Louisville, Kentucky
By: Marty Finley
A Florida real estate investment firm has one of Louisville’s largest downtown office towers under contract and should close on the acquisition later this month. Kirk Cypel, CEO of Lake Worth, Fla.based In-Rel Properties, said his firm plans to close on the purchase of the 26-story Meidinger Tower on South Fourth Street by late April. The current owner is New York-based DOF IV Meidinger Tower LLC, which purchased the tower in 2013 for $16.6 million in a foreclosure sale. Cypel declined to disclose the negotiated purchase price. The building ranked sixth on Louisville Business First’s largest office buildings list for 2016 based on leasable square footage, with roughly 331,000 square feet.
The building has a mix of professional firms and technologically inclined companies, including Computershare Inc., Mountjoy Chilton Medley LLP, River Road Asset Management LLC, Northwestern Mutual and Seiller Waterman LLC. Louisville Business First also is a tenant. The tower is managed by Louisville-based NAI Fortis Group, which will be retained by In-Rel Properties as property manager if the deal goes through, Cypel said. “They’ve done a good job with the building,” he said. Jon Seiz, president of NAI Fortis Group, said the building is 96.7 percent leased. This will be In-Rel’s first Louisville acquisition, but second in Kentucky. The firm owns the 238,000-square-foot Chase Tower in downtown Lexington.
Cypel said his firm feels strongly about the Louisville market as it has watched it evolve over the past several years. He said the city is moving in an interesting direction with the completed construction of the Ohio River Bridges Project, the renovation and expansion of the Kentucky International Convention Center downtown and new hotel and residential developments in the works.
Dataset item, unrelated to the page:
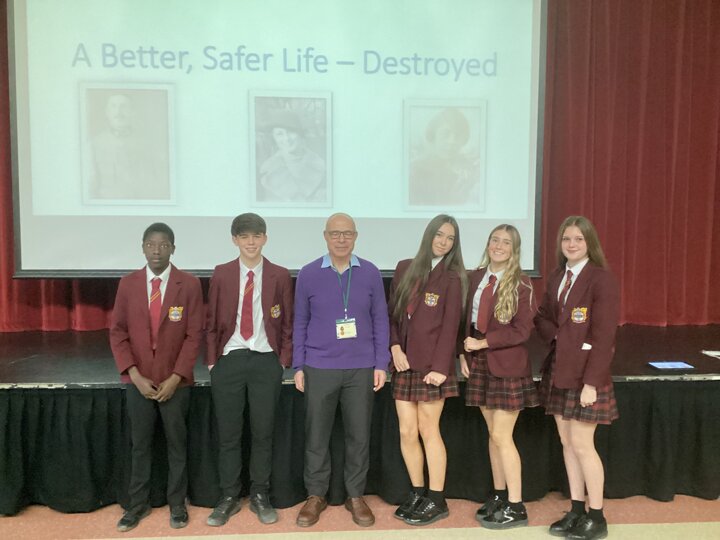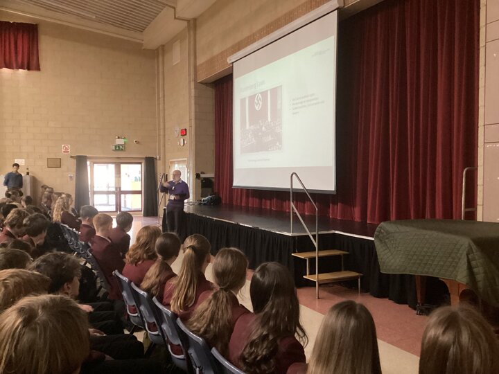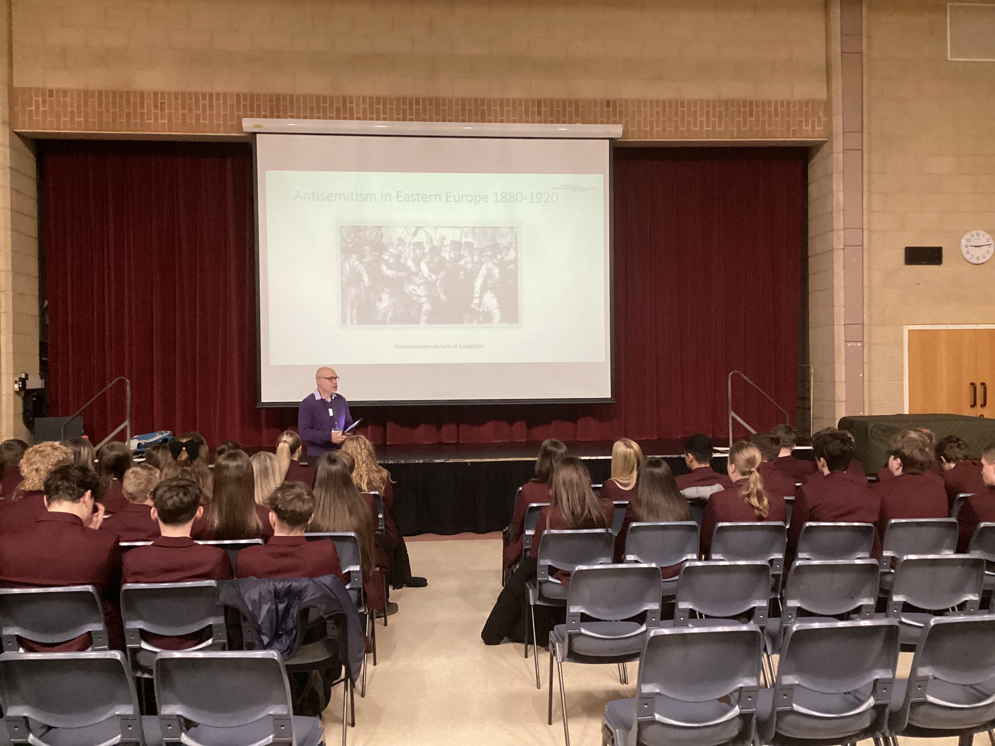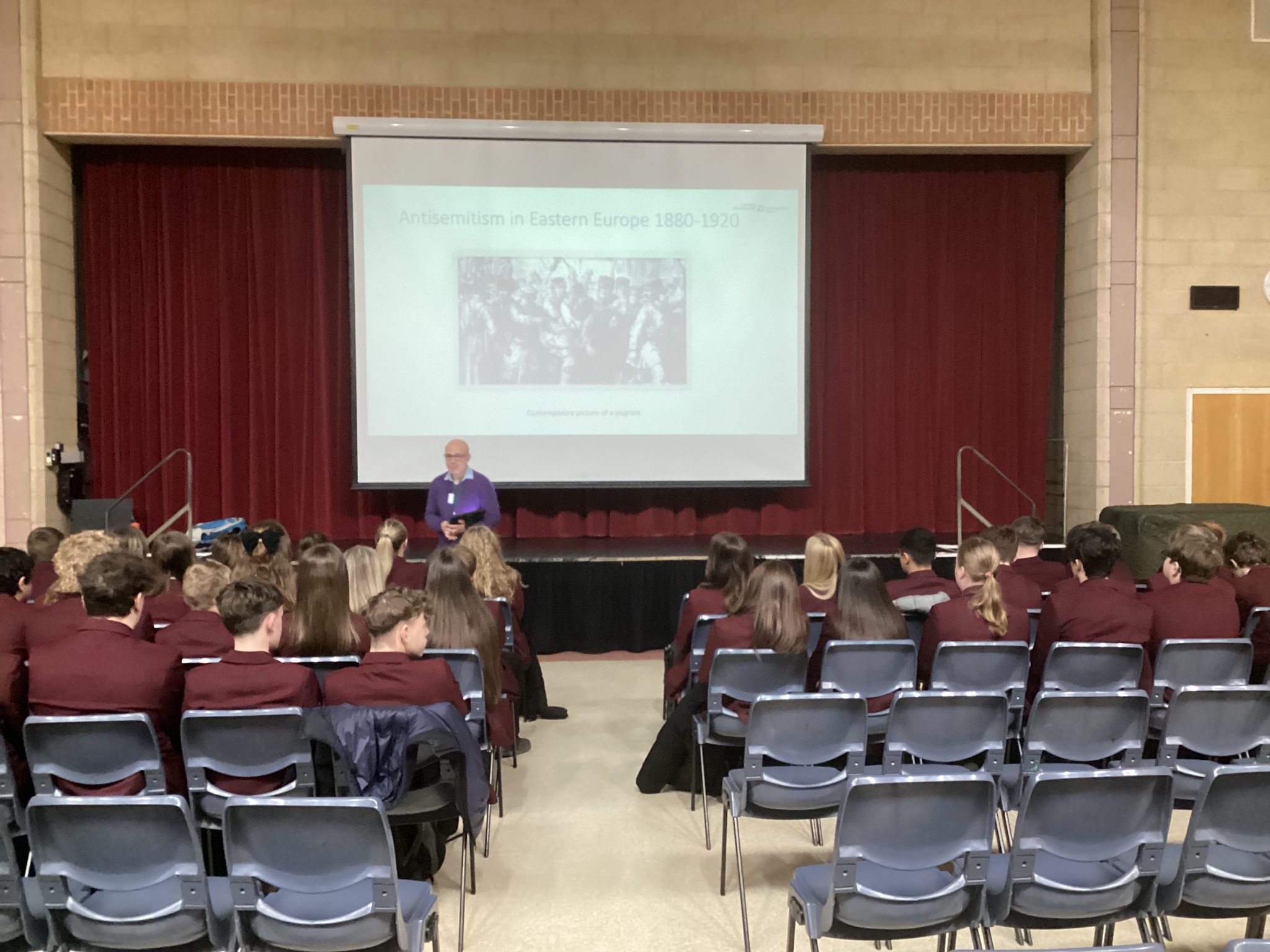 Today, our Year 9 students heard from Martin Hyman from the Northern Holocaust Education Group (NHEG), who spent two hours sharing his family’s experiences of the Holocaust. The NHEG works with schools to keep the stories of those affected by the Holocaust alive, helping young people understand its impact on real people and families. Martin spoke movingly about his mother, Ilse, and their experiences in Lviv, giving students a powerful insight into what life was like during that time. His talk formed part of our ongoing commitment to Holocaust education, ensuring students continue to engage with these histories in a meaningful and personal way.

Meidinger Tower’s position next to the Fourth Street Live entertainment complex also is a plus, with Cypel noting that real estate is all about location. “It’s just an exciting place to be. I just think it’s only going to get stronger,” Cypel said of Louisville. “I wish there was more of a residential component downtown, but I think it’s coming.” Cypel also pointed to Louisville’s historic architecture and a push by developers to creatively reuse several downtown buildings for office, retail and other uses as a draw to the market. Furthermore, he praised the strong tenant mix inside Meidinger Tower, calling it a stabilized tower with no need for major renovations. “The bones of the building are very good,” he said. Because the building has received a refresh in recent years, he said his firm’s goal is to maintain the quality of the tower and assess it each year for possible tweaks.
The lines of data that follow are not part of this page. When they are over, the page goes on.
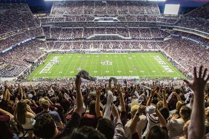 德克萨斯州农工的凯尔球场是造价最高的大学橄榄球场,位于德州大学城。该球场始建于1929年,2015年进行了翻新,总造价为6.504亿美元。凯尔球场是德克萨斯A&M大学的所在地,也是是全美第四大体育场,可容纳102733名观众。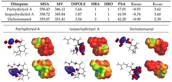 Stereoelectronic parameters of pachydictyol A, isopachydictyol A, and dichotomanol including Molecular Surface Area (MSA = Å2), Molecular Volume (MV = Å3), Dipole moment (debye), number of hydrogen bond acceptors/donors (HBA and HBD), Polar surface area (PSA = Å2), and HOMO and LUMO energies (EHOMO and ELUMO = eV) and HOMO (up) and LUMO (down) coefficient distribution and density maps. In the density map (right), the lowest orbital density areas are in red and the highest are in blue.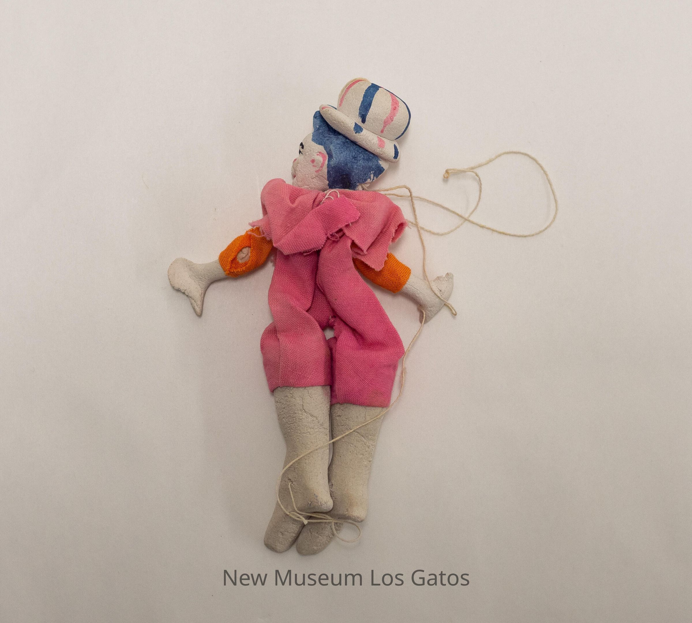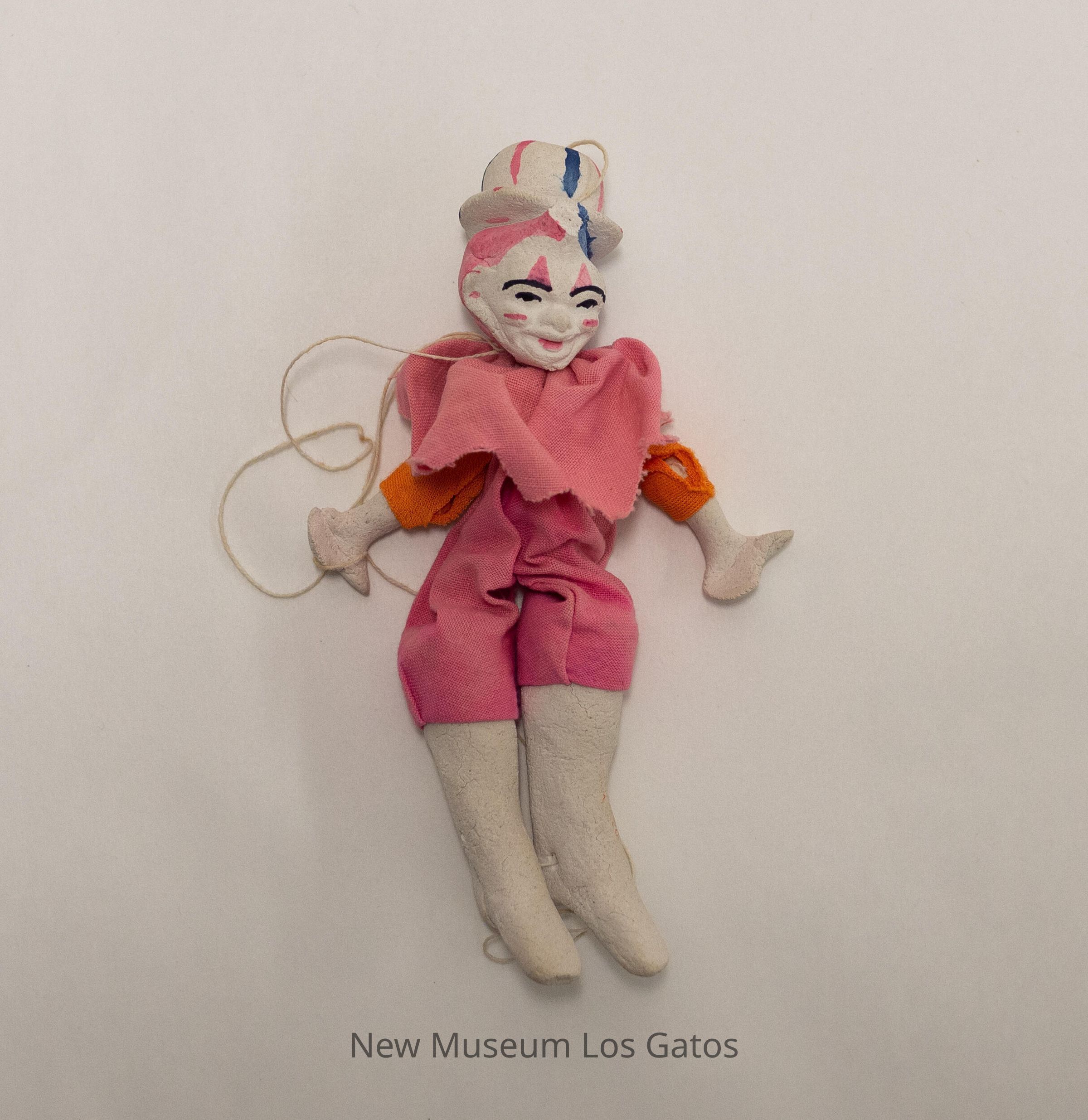 A small marionette. The marionette has white clay arms, legs, and head, and is wearing a bright pink romper with a large ruffle/cuff at the neck. The sleeves are bright orange. The marionette's face is painted on, and has black eyes and eyebrows, and a pink mouth. There are pink lines on each cheek, and pink triangles above each eyebrow. The marionette's hair is blue on the (viewer's) right side, and pink on the left. The marionette is wearing a white clay hat that is painted with blue and pink lines on the top portion. The marionette's legs and head are attached to each other via white string. The head is completely detached from the body, but it is unclear if that is intentional, or damage.Collection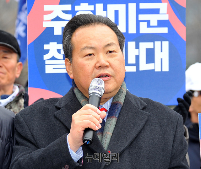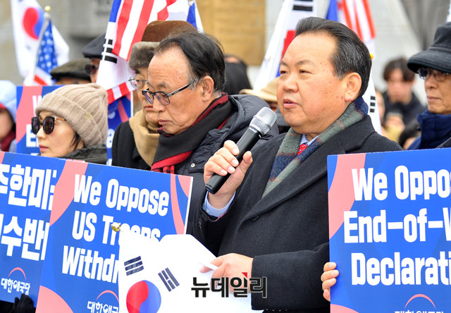 박태우 대한애국당 사무총장이 19일 오후 서울 광화문 세종대왕 동상 앞에서 열린 '종전선언 반대, 주한미군 철수 반대, 평화협정 체결 반대' 기자회견에 참석해 성명문을 낭독하고 있다.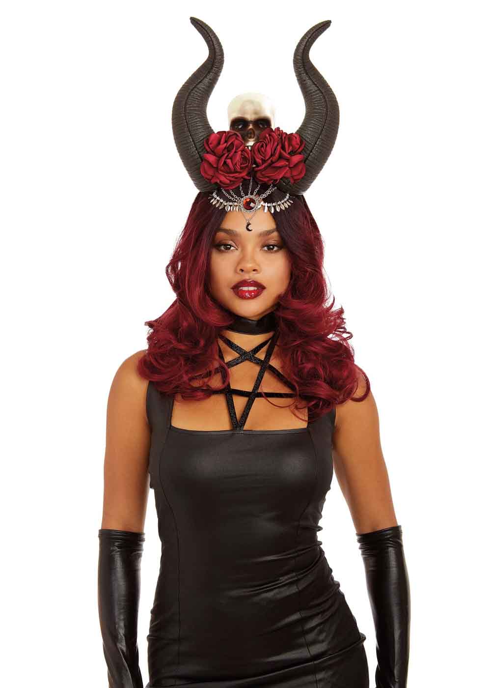 Жіночий головний убір з рогом та черепом - зухвалий та стильний аксесуар, який додасть загадковості та індивідуальності вашому образу. Пов'язка на голову прикрашена рогами та черепом, створюючи містичну атмосферу. Штучні червоні квіти надають пов'язці жіночності та загадковості.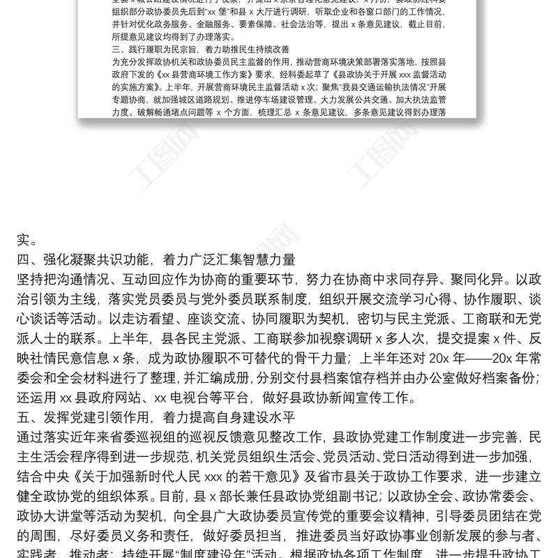 工圖網(wǎng)提供X縣政協(xié)2021年上半年工作總結(jié)及下半年工作安排供會(huì)員免費(fèi)下載。更多精彩黨課PPT素材,盡在工圖網(wǎng)。

In-Rel has more than 3 million square feet of commercial space in its portfolio, which ranges from stabilized properties in the vein of Meidinger Tower to older properties that require renovations. The company operates in Alabama, Georgia, Florida, Kentucky, Oklahoma and Tennessee. Cypel said In-Rel owns office, retail and some residential properties in cities such as Memphis, Tenn.; Birmingham, Ala.; Oklahoma City; Tampa, Fla.; and Fort Lauderdale, Fla., and is opportunistic about expansion into new cities if the deal makes sense. He said the company evaluates each deal by the quality of the real estate, not what sector it fits into. “You don’t grow for the sake of growth,” he said. “You grow when you find great opportunities.” The company stays away from what Cypel called “gateway cities,” such as New York, Chicago and Washington, D.C. In those cities, he said, the institutional players are deeply entrenched and are throwing “silly money” around on real estate. Louisville, in comparison, is a less-volatile market that doesn’t see the dramatic ups and downs of a giant city. “You can make a living (here) and don’t have to compete with the world,” he said.